Intervention de Éric Gold

Réunion du 20 octobre 2022 à 10h30
Aide universelle d'urgence pour les victimes de violences conjugales — Adoption d'une proposition de loi dans le texte de la commission modifié

Photo de Éric GoldÉric Gold :

Monsieur le président, madame la ministre, mes chers collègues, il est difficile de ne pas partager l’ambition de cette proposition de loi déposée par notre collègue Valérie Létard, qui a eu l’amabilité de nous inviter à la cosigner, ce que plusieurs d’entre nous ont fait au sein du groupe RDSE.

Il y a eu 143 victimes de morts violentes au sein du couple en 2021, dont 122 femmes. L’année 2022 ne semble malheureusement pas marquer de recul, ce qui a sans doute poussé le Président de la République à déclarer grande cause nationale du quinquennat, pour la seconde fois, la lutte contre les violences faites aux femmes.

Le sujet a d’ailleurs fait la une des médias récemment, prouvant une fois de plus qu’aucun milieu n’était épargné par la violence et que, parmi les hommes politiques, certains avaient encore un long chemin à parcourir sur cette question.

Poussés par la société civile et de nombreuses activistes, les pouvoirs publics tentent, avec des moyens et des résultats encore insuffisants, de réduire la violence au sein des couples. Le Grenelle contre les violences conjugales de 2019 a accouché de 54 mesures, dont 46 sont aujourd’hui en vigueur. Des outils existent, comme le téléphone grave danger ou le bracelet anti-rapprochement. En les assortissant d’un budget à la hauteur et en les accompagnant de mesures telles qu’une formation adaptée des forces de l’ordre ou l’éducation à la vie affective et sexuelle dès le plus jeune âge, nous pouvons espérer que la situation s’améliore dans les années à venir.

Dans l’immédiat, et afin de compléter l’arsenal aujourd’hui disponible, cette proposition de loi vise à répondre à une problématique récurrente pour les victimes de violences conjugales : la dépendance financière. Elles sont en effet nombreuses à demeurer ou à retourner au domicile conjugal faute de ressources suffisantes, notamment lorsqu’elles ont des enfants à charge, qu’elles refusent naturellement de laisser derrière elles.

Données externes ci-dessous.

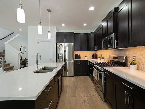 Gorgeous modern home in SE Boise! Turnkey with newly painted interior. Open floor plan! 3 bedrooms with attached bathrooms & walk in closets. Features include engineered hardwood flooring throughout main level & gas fireplace with tile surround. Kitchen has island/breakfast bar, quartz counters, walk in pantry, SS appliances w/gas range, tile backsplash and beautiful cabinets. Entry mud bench & loads of natural light. Covered patio and oversized 2 car garage. No HOA. Close to airport, freeway, BSU & more!

Les aides, telles que le RSA, lorsqu’elles y sont éligibles, sont assorties d’un délai souvent rédhibitoire.

Il est donc proposé, ici, de donner les moyens financiers aux victimes de s’extirper d’un environnement violent, en leur accordant une aide d’urgence, sous forme de prêt à taux zéro, délivré par la CAF en trois mensualités, dont la première débloquée sous trois jours.

Cette avance est subordonnée à une ordonnance de protection délivrée par le juge, un dépôt de plainte de la victime ou un signalement d’un professionnel de santé adressé au procureur. Elle pourra être récupérée par la CAF, si celle-ci se constitue partie civile, directement auprès de l’auteur des violences, pour demander, au nom de la victime, la réparation de la créance sur les dommages et intérêts prononcés. La victime n’aurait plus alors à rembourser le prêt.

La PPL prévoit, par ailleurs, que les allocataires de l’avance bénéficient automatiquement des droits accessoires à la prestation du RSA, comme la complémentaire santé solidaire ou les droits décidés par les collectivités, tels que le tarif réduit pour les transports en commun. Cependant, cette aide n’est pas subordonnée à un accès au RSA, ce qui la rend universelle.

Ce texte s’appuie sur une expérimentation menée par le conseil départemental du Nord, la CAF, le parquet et d’autres acteurs, notamment associatifs. Cette expérience sera particulièrement utile à sa généralisation.

Une telle généralisation est souhaitable, voire indispensable puisqu’elle aboutira à la création d’un droit supplémentaire sur la question hautement sensible de la dépendance financière. Les auteurs de violences, eux, ne manquent pas de ressources. Le chantage financier et la confiscation des moyens de paiement sont fréquents. Ils aggravent le climat de violence, restreignent le champ de liberté des victimes et les éloignent de la perspective d’une fuite pourtant vitale.

Pour toutes ces raisons, le groupe du RDSE votera d’une seule voix pour cette proposition de loi.